== Exercise prompt ==
Transcribe the listing exactly; drop the images.

Start of Material provided

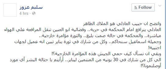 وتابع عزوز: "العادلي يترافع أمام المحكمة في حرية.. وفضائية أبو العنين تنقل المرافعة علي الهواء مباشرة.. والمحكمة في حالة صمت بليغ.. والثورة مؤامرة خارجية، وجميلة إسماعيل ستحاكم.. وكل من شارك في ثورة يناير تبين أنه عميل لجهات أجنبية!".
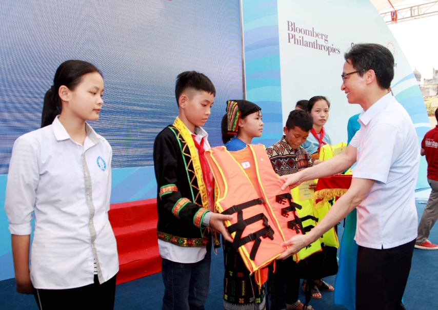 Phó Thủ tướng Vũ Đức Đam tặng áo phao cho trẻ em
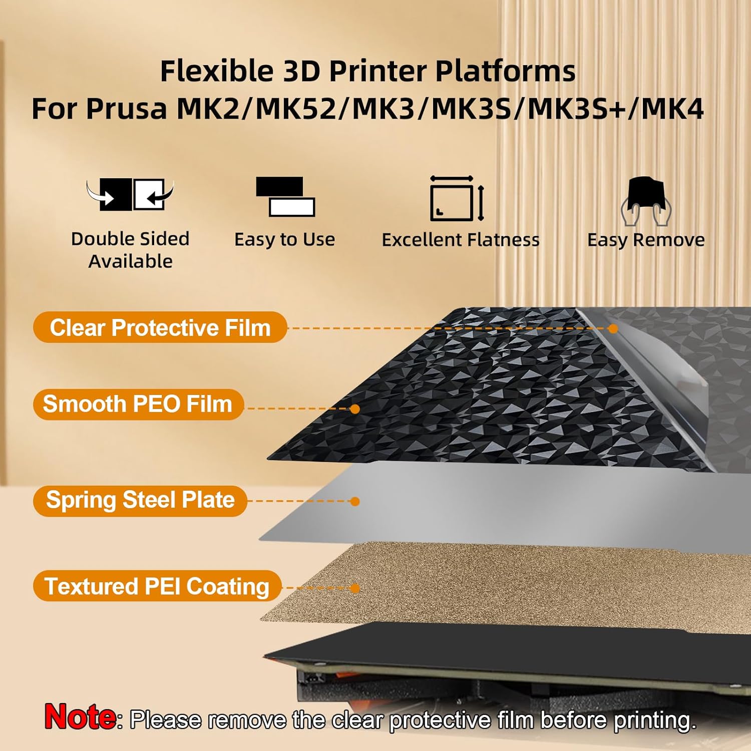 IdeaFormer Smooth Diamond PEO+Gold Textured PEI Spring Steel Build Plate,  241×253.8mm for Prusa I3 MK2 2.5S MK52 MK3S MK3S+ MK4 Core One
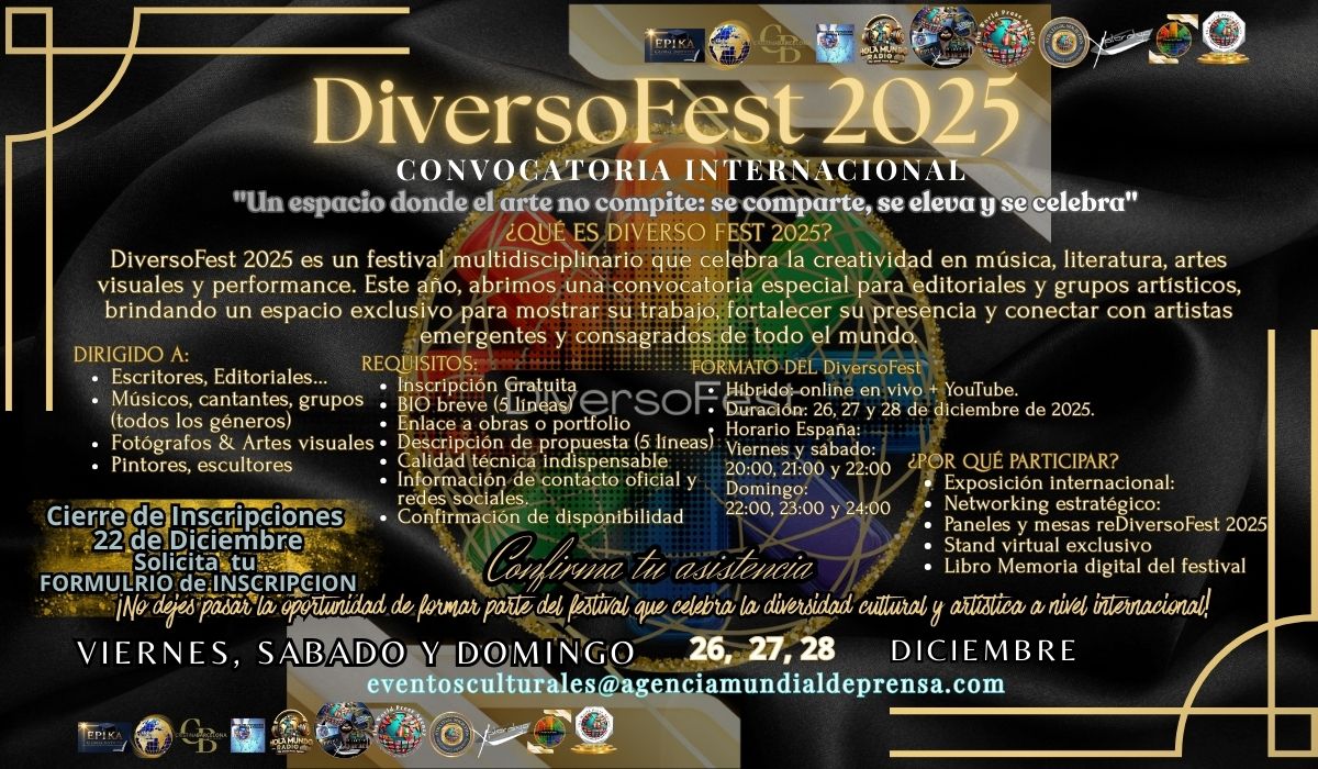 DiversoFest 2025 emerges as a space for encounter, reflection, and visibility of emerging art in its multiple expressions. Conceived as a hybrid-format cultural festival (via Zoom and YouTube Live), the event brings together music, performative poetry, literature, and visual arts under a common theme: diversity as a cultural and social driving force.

End of Material provided

== The completed task ==
 وتابع عزوز: "العادلي يترافع أمام المحكمة في حرية.. وفضائية أبو العنين تنقل المرافعة علي الهواء مباشرة.. والمحكمة في حالة صمت بليغ.. والثورة مؤامرة خارجية، وجميلة إسماعيل ستحاكم.. وكل من شارك في ثورة يناير تبين أنه عميل لجهات أجنبية!".
 Phó Thủ tướng Vũ Đức Đam tặng áo phao cho trẻ em
 IdeaFormer Smooth Diamond PEO+Gold Textured PEI Spring Steel Build Plate,  241×253.8mm for Prusa I3 MK2 2.5S MK52 MK3S MK3S+ MK4 Core One
 DiversoFest 2025 emerges as a space for encounter, reflection, and visibility of emerging art in its multiple expressions. Conceived as a hybrid-format cultural festival (via Zoom and YouTube Live), the event brings together music, performative poetry, literature, and visual arts under a common theme: diversity as a cultural and social driving force.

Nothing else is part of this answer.